WHAT NEEDS TO BE DONE: This task calls for the lines below starting at the one containing "BBQはとても楽しく食べられたので、すごく良い一日でした。 (M.N.) | ||" and ending at the one containing "Bihar Staff Selection", repeated exactly with both ends kept and pictures left out.

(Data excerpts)
□ □ □

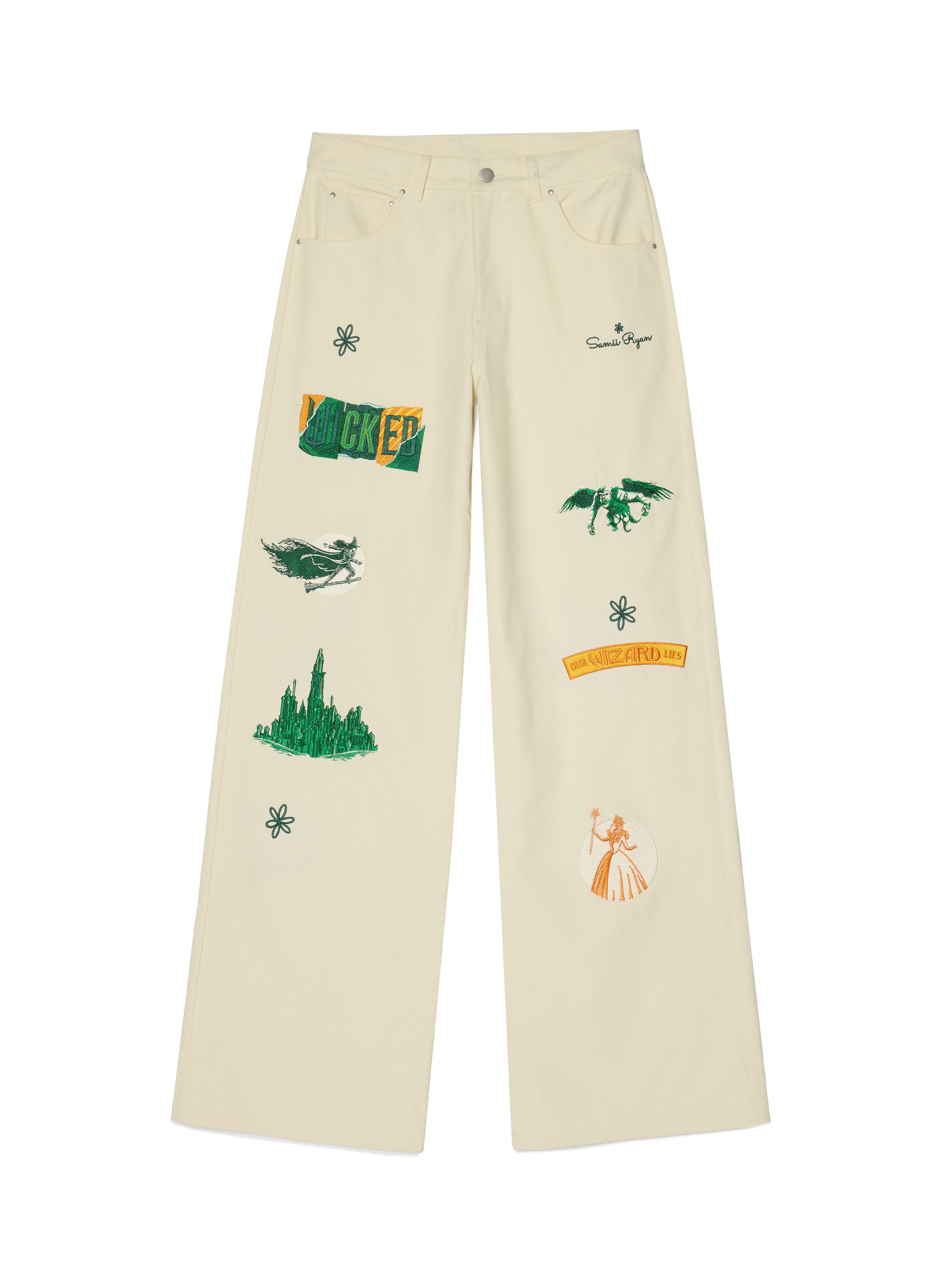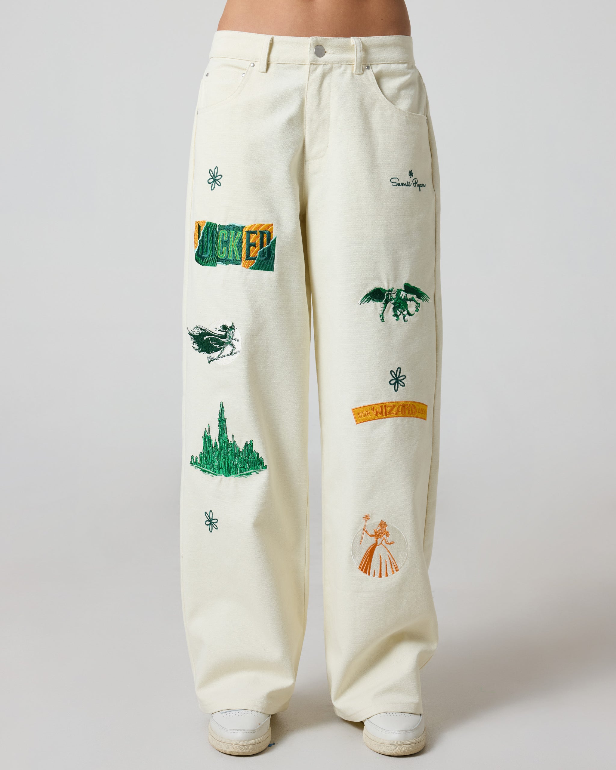 Bring the magic of Oz into your everyday wardrobe with these heavyweight canvas pants. Featuring detailed embroidery of Wicked: For Good's most iconic symbols, from the Emerald City to Glinda and Elphaba, these relaxed-fit pants are a true collectible piece. Designed for both comfort and statement making style, they’re perfect for fans who want to wear their Wicked: For Good pride.
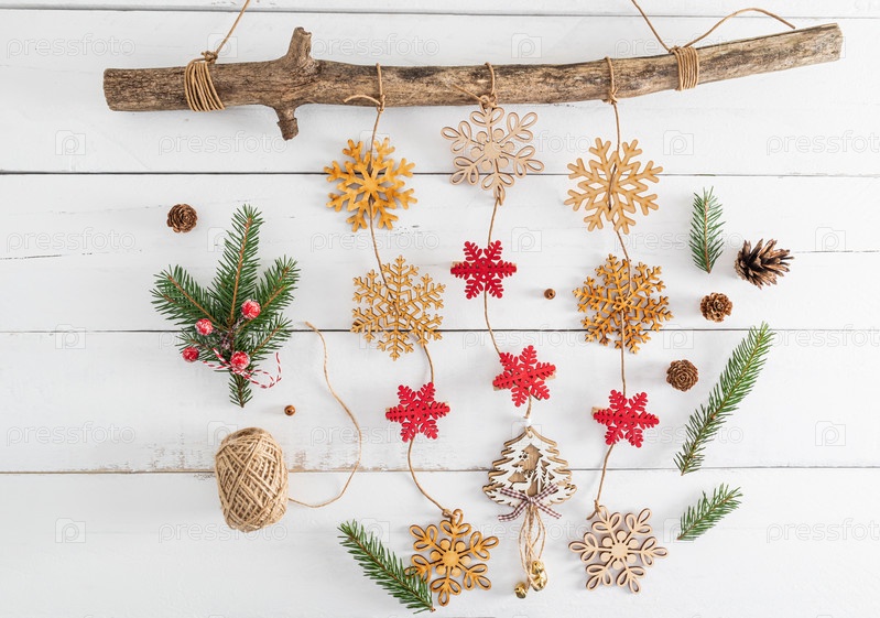 Новогодняя гирлянда из деревянных снежинок на толстой деревянной ветке. зеленые ветки ели, шишки. белый деревянный фон из досок
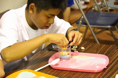 | 座禅は初めてで、足がとてもしびれるほど辛くて、二度とない貴重な経験をさせてもらい、よかったです。 カッター訓練では、行きは潮が逆で疲れました。 その後のお弁当はとても美味しかったです。 帰りはレースで、僕の船は昨日の模擬レースは一位だったので今日も頑張ろうとしていましたが、2組のA艇に負け、惜しくも2位でとても悔しかったです。 でも、力を合わせる大切さを知ることができました。 カッター訓練の後に食べるBBQは最高でした。 キャンドル作りでは、自分だけの記念のものとなりました。 とてもいい思い出となる一日となりました。 (S.T.) カッター訓練最終日、午後のレースでは私のチームは5位だったけれども、みんなと協力できたのでよかったと思います。 BBQはとても楽しく食べられたので、すごく良い一日でした。 (M.N.) | ||
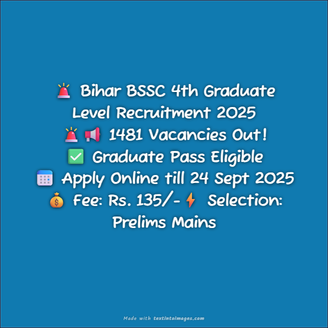 Bihar Staff Selection Commission (BSSC) has officially announced the BSSC 4th Graduate Level Recruitment 2025 for a total of 1481 vacancies. The online application process will begin from 25 August 2025 (postponed) and will remain open till 24 September 2025. Candidates who are graduates in the required disciplines can apply through the official website of BSSC or directly via the important links provided below.
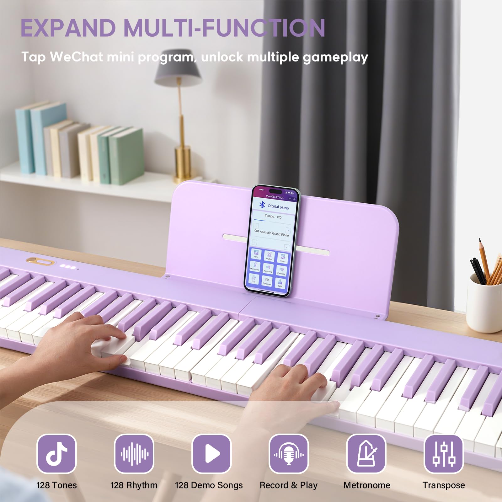 PORTABLE DESIGN: The ultra-light piano keyboard (under 7lbs) slips right into a bag or car trunk, beach picnics, park hangs, or spontaneous road trips, Sorted. With a 2000mAh battery (lasts 8+ hours), it fully charges in the time it takes to have afternoon tea, you’re ready for all-day jams. Because music shouldn’t wait—and neither should you!

□ □ □

ANSWER TO THIS EXERCISE:
 | 座禅は初めてで、足がとてもしびれるほど辛くて、二度とない貴重な経験をさせてもらい、よかったです。 カッター訓練では、行きは潮が逆で疲れました。 その後のお弁当はとても美味しかったです。 帰りはレースで、僕の船は昨日の模擬レースは一位だったので今日も頑張ろうとしていましたが、2組のA艇に負け、惜しくも2位でとても悔しかったです。 でも、力を合わせる大切さを知ることができました。 カッター訓練の後に食べるBBQは最高でした。 キャンドル作りでは、自分だけの記念のものとなりました。 とてもいい思い出となる一日となりました。 (S.T.) カッター訓練最終日、午後のレースでは私のチームは5位だったけれども、みんなと協力できたのでよかったと思います。 BBQはとても楽しく食べられたので、すごく良い一日でした。 (M.N.) | ||
 Bihar Staff Selection Commission (BSSC) has officially announced the BSSC 4th Graduate Level Recruitment 2025 for a total of 1481 vacancies. The online application process will begin from 25 August 2025 (postponed) and will remain open till 24 September 2025. Candidates who are graduates in the required disciplines can apply through the official website of BSSC or directly via the important links provided below.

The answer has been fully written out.